Вынужденное обращение к военно-патриотической тематике в конце концов заставляло молодых поэтов поддаться ее пафосу и проникнуться милитаристскими настроениями. На этой почве в художественной среде происходили конфликты, иногда выливавшиеся в творческие дискуссии. Интересным источником по настроениям творческой интеллигенции выступает рукописный альманах «Чукоккала», придуманный К. И. Чуковским. Гости писателя, посещавшие его дачу в финском местечке Куоккала, оставляли в альманахе свои замечания, четверостишия, рисунки на злободневные и бытовые темы, нередко подтрунивая друг над другом. Чуковский вспоминал, что Л. Андреев искренне проникся боевым духом и очень переживал по поводу того, что не может пойти на войну из‐за болезни сердца. Поэтому он «отыгрывался» на бумаге, сочиняя патриотические тексты и в то же время критикуя многочисленных дельцов, пытавшихся нагреть руки на модном направлении: «Сейчас только на одном великом театре идет великая трагедия — это война; но посмотрите, с какой тоской и отвращением принимаются ее страшные трагические формы и суть, с какой поспешностью тысячи маленьких театриков стараются заглушить ее синайский голос писком Петрушки, с какой яростью растревоженных кур ее дикой мощи и грозным призывам противопоставляют свои драмы и комедийки. Ибо что это значит: услышать голос войны? Это пойти на исповедь и покаяние, переоценить себя, жену, детей и дом, перестроить жизнь, поднять душу и напоить ее крестными страданиями уста, ожечь желчью.

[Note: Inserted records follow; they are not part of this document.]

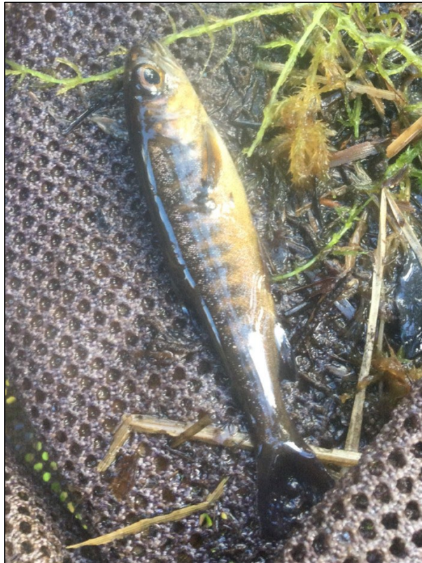
Figure 1.—Juvenile coho salmon captured at waypoint 1861.
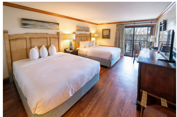
Room at Legacy Lodge at Lanier Islands

At the heart of Lanier Islands, Legacy Lodge & Conference Center offers 216 comfortably furnished guest rooms, consisting of King Rooms, Double Queen Rooms and 4 King Suites. Their rooms offer the finest amenities, including spacious bathtubs and tiled walk-in showers, granite surfaces, balconies or patios, flat-screen televisions, complimentary wireless Internet, as well as concierge and room services. Enjoy the stunning lake view from your room while you rest, before exploring the activities and amenities Lake Lanier Islands has to offer. Legacy Lodge is home to two incredible dining options, 22,000 square feet of flexible meeting space, a rejuvenating spa, a heated outdoor pool, a top-of-line fitness center, gift shop, and a full-service business center. Legacy Lodge is pet-friendly. Find out more about Legacy Lodge: http://www.lanierislands.com/accommodations/lodge .
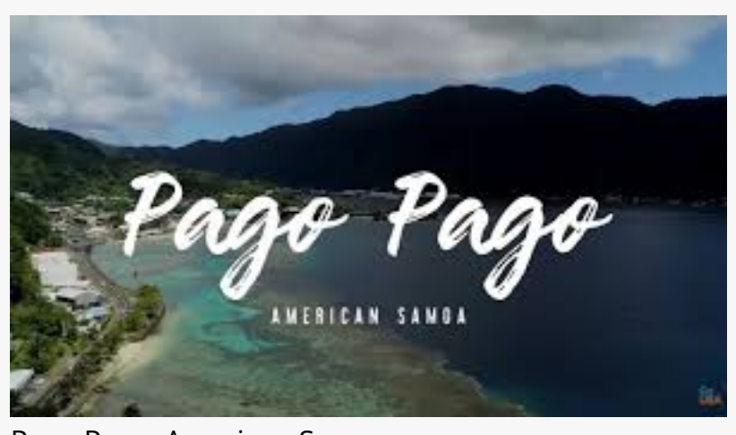
Pago Pago, American Samoa

Free IRS EIN Tax Number directly from IRS.GOV for your newly formed American Samoa LLC is available online
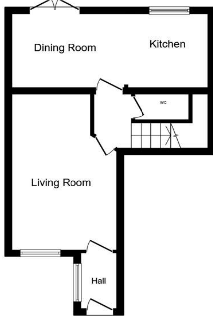
Ground Floor Floor area 36.3 sq.m. (390 sq.ft.)
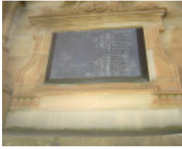
plaque1 boer war memorial st kilda rd nov06 jb
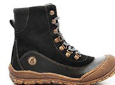
Maya $110 Black, Chilipepper, Tan
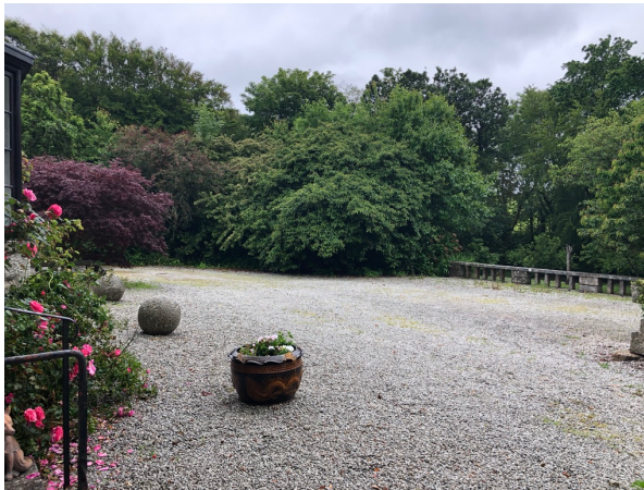
Figure 5 – Location of proposed annexe to the west of Trevelloe House
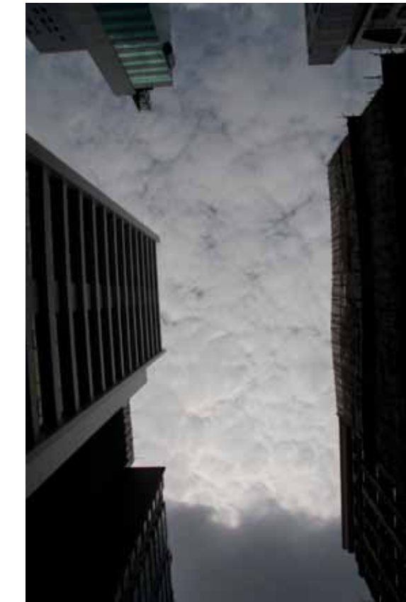
Jayne Dyer The old world's new world 3, 2010 photograph edition 5, 30 x 20 cm
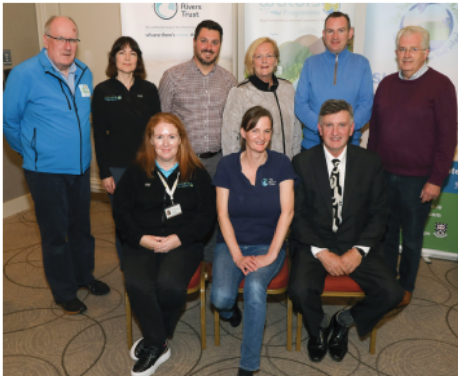
Representatives of the Rivers Trust movement at the inaugural Sligo meeting

people consider the provision of access to schools, friends, places and services via sustainable modes as the main contribution that the transport sector can make to improve their lives. The report also mentions the Sligo group came up with the slogan "Shared places and friendly faces!"
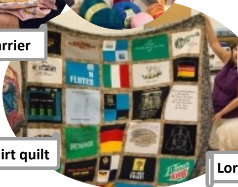
Julia Waterbury /t-shirt quilt
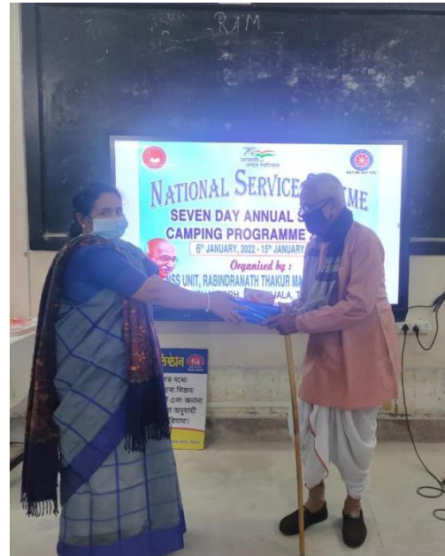
Five old individual from adopted village was felicitated with basic amenities like mosquito net, nutrition food etc. by the college NSS Unit.

Услышать войну — это услышать самого разгневанного бога — нет, пусть лучше кричит Петрушка-Балиев и тихий, как туфля, Тургенев рассказывает про подобие драмы и подобие любви у индеек!» — писал Андреев в августе 1915 г. Прочитав в «Чукоккале» патриотические строки Л. Андреева и А. Н. Толстого, художник И. Бродский не выдержал и вступил с патриотами-от-искусства в заочную полемику, нарисовав на странице альманаха обобщенный портрет беженки под названием «Жертва патриотизма», создававший образ уставшей и состарившейся от обрушившихся невзгод женщины, предположительно еврейки (ил. 19)[1565]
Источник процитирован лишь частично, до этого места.